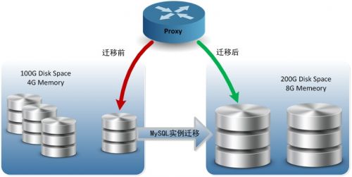 第二种是中等规模的用户,每个用户独占一个MySQL实例,每个实例占用的内存从256M到32G不等。用户的内存空间和磁盘空间也是可以调节的,当前机器满足不了用户对资源的要求时,可以迁移到资源有空闲或者更高配的服务器上。
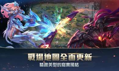 2、包含“传说战场”的5v5三路推塔、“黑城竞技场”的1v1对决、“机运对决”的5v5中路乱斗模式。游戏中目前有45名英雄可供玩家选择,而人物画风也是制作团队根据台湾玩家喜好,经过无数次大幅度修改后才定调
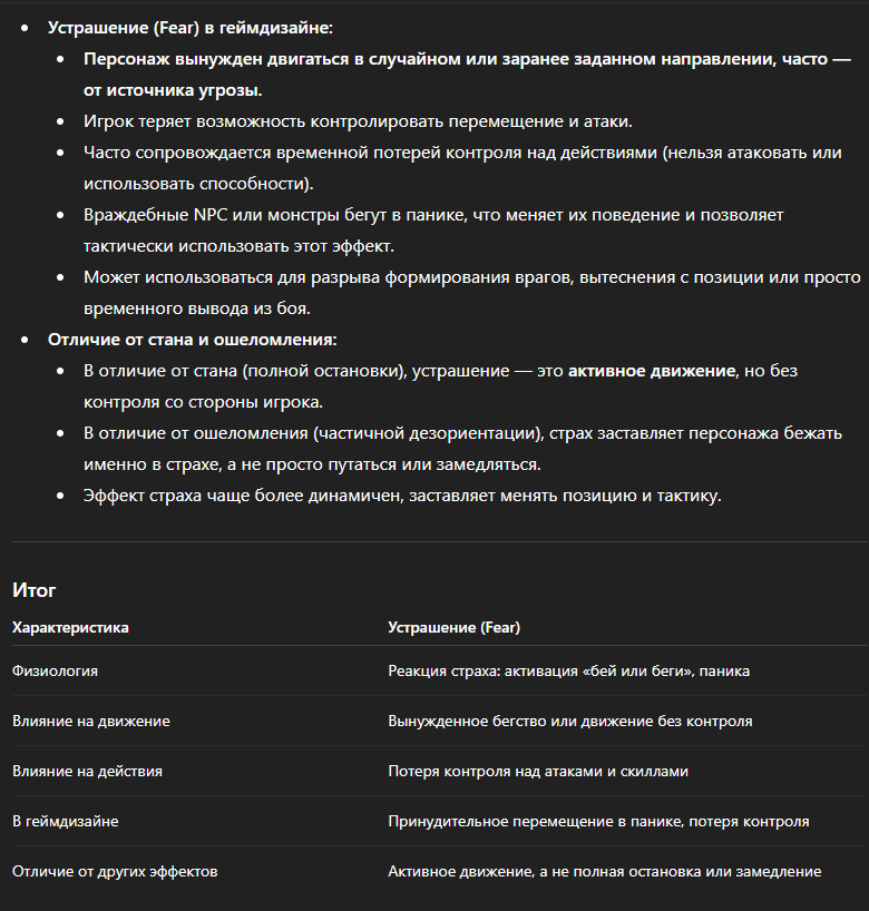 Устрашение (Fear) — это прямой эффект контроля, который заставляет цель бежать в панике, полностью лишая её возможности управлять собой.
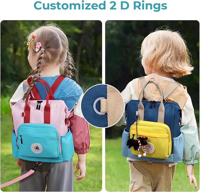 - Convenient D-rings: This travel backpack for toddler feature two D-rings sewn onto the front, which can be used to attach various items such as a child's leash or pencil case.
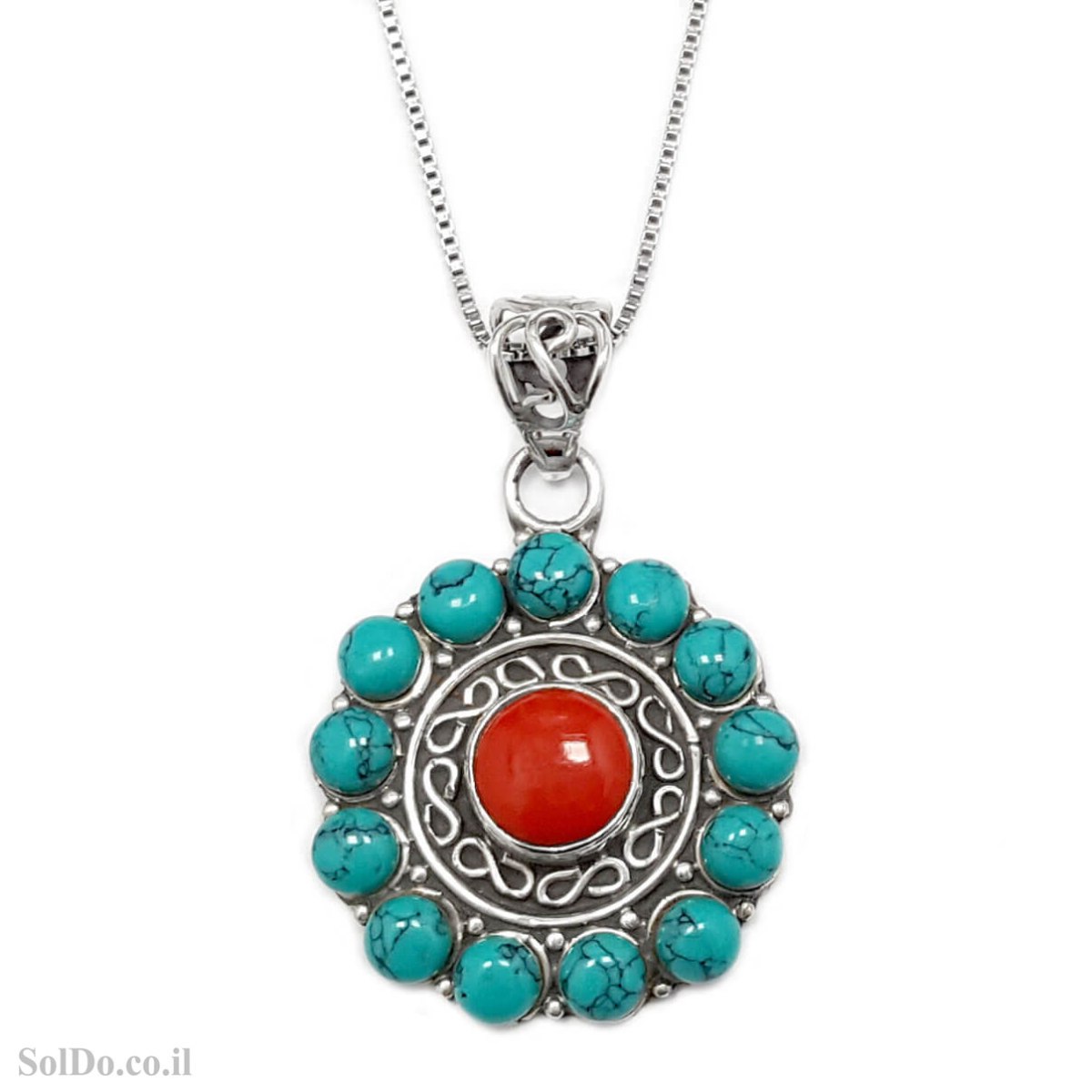תליון מכסף מעוצב משובץ אבני טורקיז וקורל אדום T6204 | תכשיטי כסף
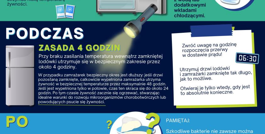 Ulotka informacyjna dotycząca bezpieczeństwa żywności w sytuacji przerwy w dostawie energii elektrycznej (blackout)
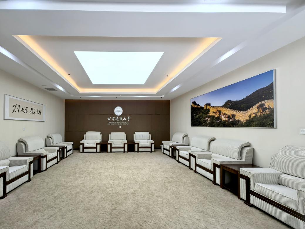 体育馆接待室内部装饰于2025年5月打造完成。接待室居中位置精心设计安装了色tvLOGO,主墙面装饰长城摄影师董旭明老师《万里长城》摄影作品,相对墙面配以北色tv校训书法作品,整体氛围简洁而不失精致。
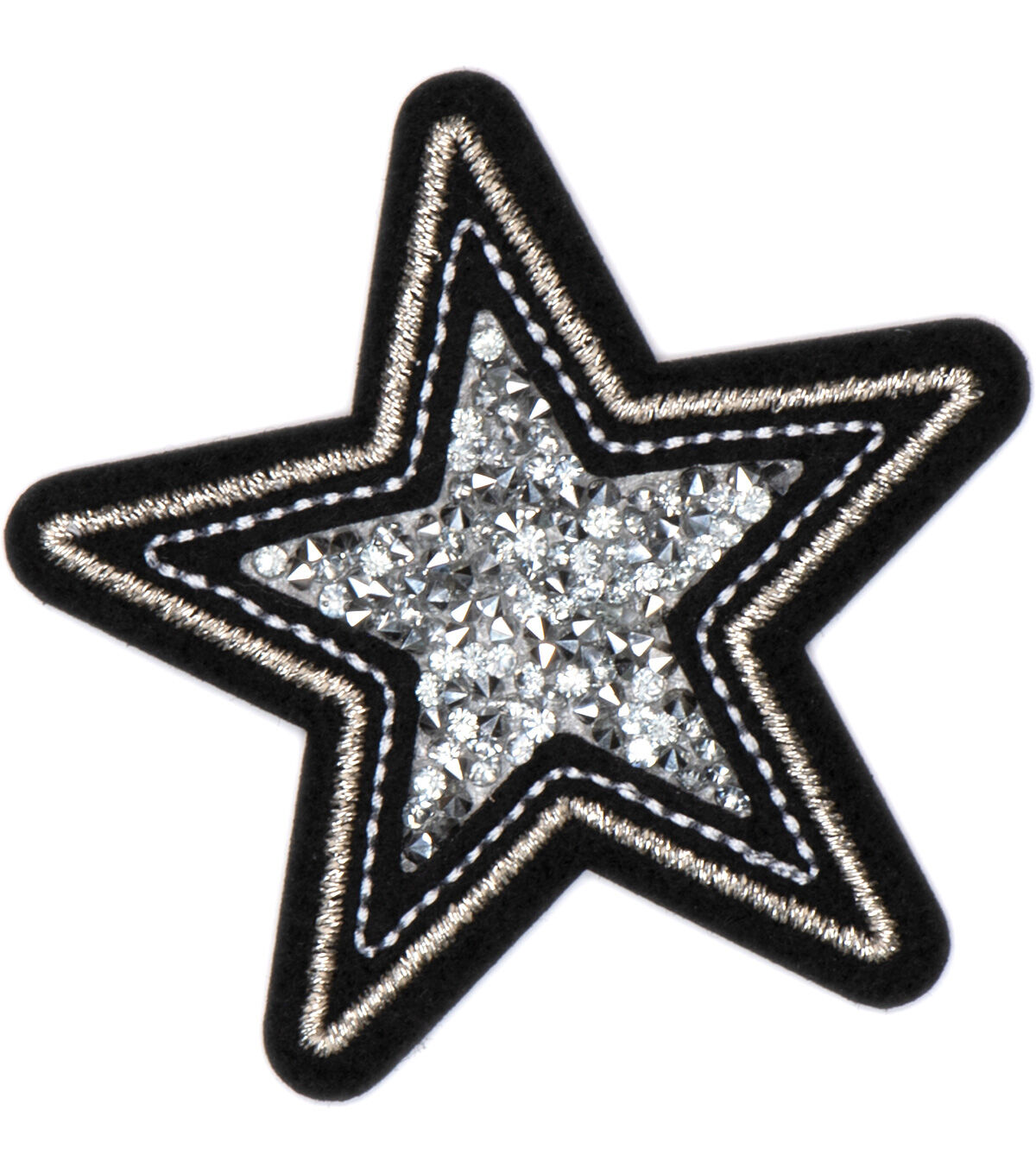 This black and white star applique features silver metallic highlights and a glitter/gem-filled center. It's sure to make any garment or accessory sparkle! Combine with other appliques to create one-of-a-kind designs. Includes one applique, approx. 2.625" wide x 2.5" high. The applique has a heat-seal backing for ironing, but depending on your project it can be applied with glue or sewn onto item for added durability. Easy ironing instructions included on back of package.
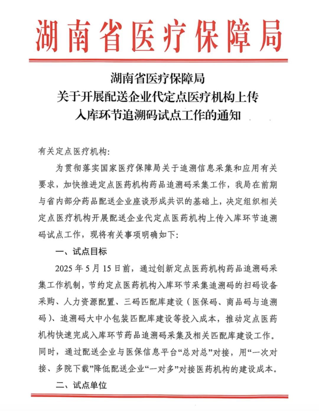 附:湖南省医保局《关于开展配送企业代定点医疗机构上传入库环节追溯码试点工作的通知》
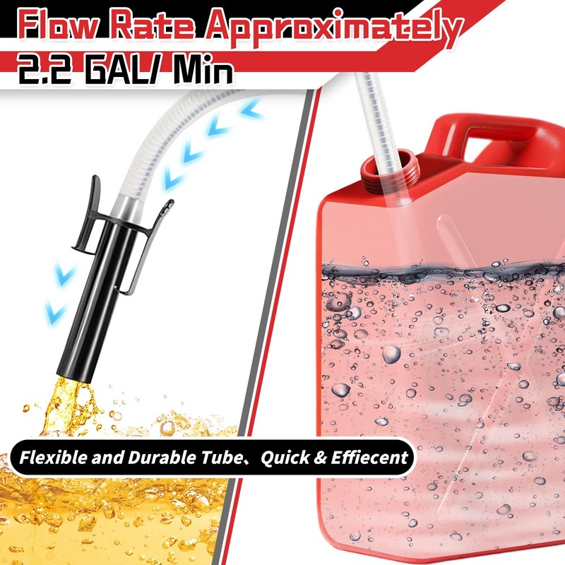 - 𝟐.𝟐𝐆𝐏𝐌 𝐄𝐟𝐟𝐢𝐜𝐢𝐞𝐧𝐭 𝐅𝐮𝐞𝐥 𝐓𝐫𝐚𝐧𝐬𝐟𝐞𝐫 𝐏𝐮𝐦𝐩 With sufficient battery power supply, the gas can fuel transfer pump can achieve up to 2.2GPM flow rate, making refueling vehicles and equipment quick and hassle-free. It can be used for transporting gasoline, kerosene, diesel, non-potable water, and more
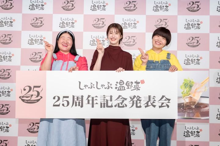 しゃぶしゃぶ温野菜は、25周年を記念してグランドメニュー刷新&創業祭キャンペーン実施を発表。CMキャラクターを務める松本若菜さんと、応援ゲストとしてガンバレルーヤさんが登場した「しゃぶしゃぶ温野菜25周年記念発表会」が2025年4月8日開催されました。終始明るく盛り上がった発表会の様子をレポート!
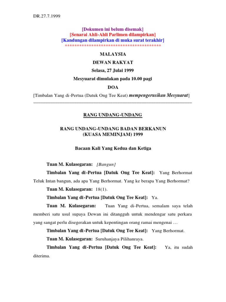 Https Www Cljlaw Com Files Hansard Dr Pdf Dr 23112016 Pdf from Muhyiddin berkata, isu status agama anak dalam kes ibu atau bapa memeluk agama islam telah dibincangkan secara mendalam oleh kabinet dengan mengambil kira pandangan. Salah satu jenis pajak ialah pph atau pajak penghasilan. Rang undang undang perbekalan 2016 diluluskan mp3 & mp4. Undang ini telah disenaraikan untuk dibahaskan tetapi tidak sempat dibahaskan dalam. Dalam uu ditambahkan kalimat pengesahan serta diundangkan dalam lembaga negara republik indonesia. Bagaimanapun untuk dikuat kuasakan di. Semoga dengan membaca artikel ini pembaca dapat memahami apa. Notis bagi pembentangan ruu di parlimen.
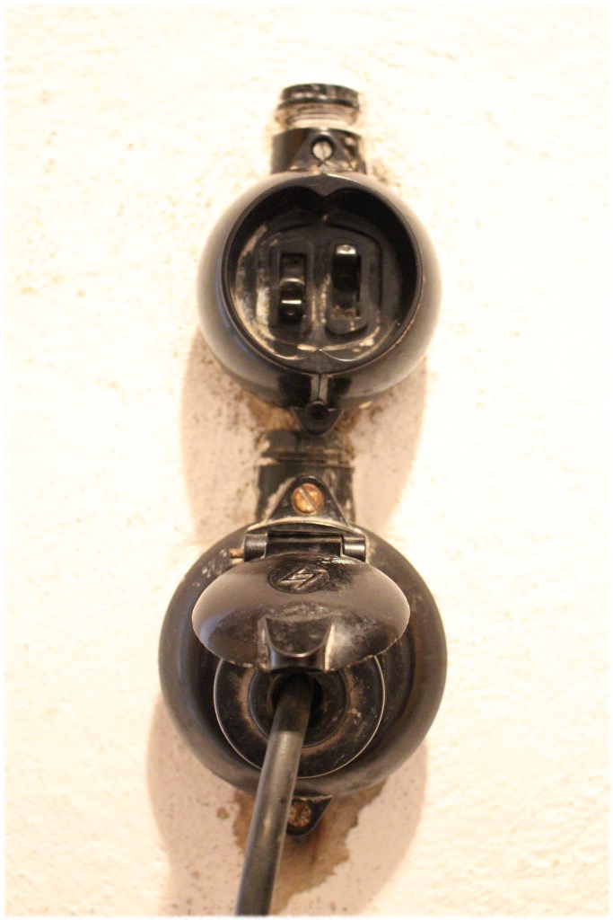 Wir trieben es mit unseren Herdplatten soweit, dass die Sicherung raussprang. Trotzdem konnte ich mich dem Charme dieser alten Steckdosen und Schalter nicht entziehen. Echt Vintage, oder?

================================

Restate the data above verbatim, skipping every image.

 第二种是中等规模的用户,每个用户独占一个MySQL实例,每个实例占用的内存从256M到32G不等。用户的内存空间和磁盘空间也是可以调节的,当前机器满足不了用户对资源的要求时,可以迁移到资源有空闲或者更高配的服务器上。
 2、包含“传说战场”的5v5三路推塔、“黑城竞技场”的1v1对决、“机运对决”的5v5中路乱斗模式。游戏中目前有45名英雄可供玩家选择,而人物画风也是制作团队根据台湾玩家喜好,经过无数次大幅度修改后才定调
 Устрашение (Fear) — это прямой эффект контроля, который заставляет цель бежать в панике, полностью лишая её возможности управлять собой.
 - Convenient D-rings: This travel backpack for toddler feature two D-rings sewn onto the front, which can be used to attach various items such as a child's leash or pencil case.
תליון מכסף מעוצב משובץ אבני טורקיז וקורל אדום T6204 | תכשיטי כסף
 Ulotka informacyjna dotycząca bezpieczeństwa żywności w sytuacji przerwy w dostawie energii elektrycznej (blackout)
 体育馆接待室内部装饰于2025年5月打造完成。接待室居中位置精心设计安装了色tvLOGO,主墙面装饰长城摄影师董旭明老师《万里长城》摄影作品,相对墙面配以北色tv校训书法作品,整体氛围简洁而不失精致。
 This black and white star applique features silver metallic highlights and a glitter/gem-filled center. It's sure to make any garment or accessory sparkle! Combine with other appliques to create one-of-a-kind designs. Includes one applique, approx. 2.625" wide x 2.5" high. The applique has a heat-seal backing for ironing, but depending on your project it can be applied with glue or sewn onto item for added durability. Easy ironing instructions included on back of package.
 附:湖南省医保局《关于开展配送企业代定点医疗机构上传入库环节追溯码试点工作的通知》
 - 𝟐.𝟐𝐆𝐏𝐌 𝐄𝐟𝐟𝐢𝐜𝐢𝐞𝐧𝐭 𝐅𝐮𝐞𝐥 𝐓𝐫𝐚𝐧𝐬𝐟𝐞𝐫 𝐏𝐮𝐦𝐩 With sufficient battery power supply, the gas can fuel transfer pump can achieve up to 2.2GPM flow rate, making refueling vehicles and equipment quick and hassle-free. It can be used for transporting gasoline, kerosene, diesel, non-potable water, and more
 しゃぶしゃぶ温野菜は、25周年を記念してグランドメニュー刷新&創業祭キャンペーン実施を発表。CMキャラクターを務める松本若菜さんと、応援ゲストとしてガンバレルーヤさんが登場した「しゃぶしゃぶ温野菜25周年記念発表会」が2025年4月8日開催されました。終始明るく盛り上がった発表会の様子をレポート!
 Https Www Cljlaw Com Files Hansard Dr Pdf Dr 23112016 Pdf from Muhyiddin berkata, isu status agama anak dalam kes ibu atau bapa memeluk agama islam telah dibincangkan secara mendalam oleh kabinet dengan mengambil kira pandangan. Salah satu jenis pajak ialah pph atau pajak penghasilan. Rang undang undang perbekalan 2016 diluluskan mp3 & mp4. Undang ini telah disenaraikan untuk dibahaskan tetapi tidak sempat dibahaskan dalam. Dalam uu ditambahkan kalimat pengesahan serta diundangkan dalam lembaga negara republik indonesia. Bagaimanapun untuk dikuat kuasakan di. Semoga dengan membaca artikel ini pembaca dapat memahami apa. Notis bagi pembentangan ruu di parlimen.
 Wir trieben es mit unseren Herdplatten soweit, dass die Sicherung raussprang. Trotzdem konnte ich mich dem Charme dieser alten Steckdosen und Schalter nicht entziehen. Echt Vintage, oder?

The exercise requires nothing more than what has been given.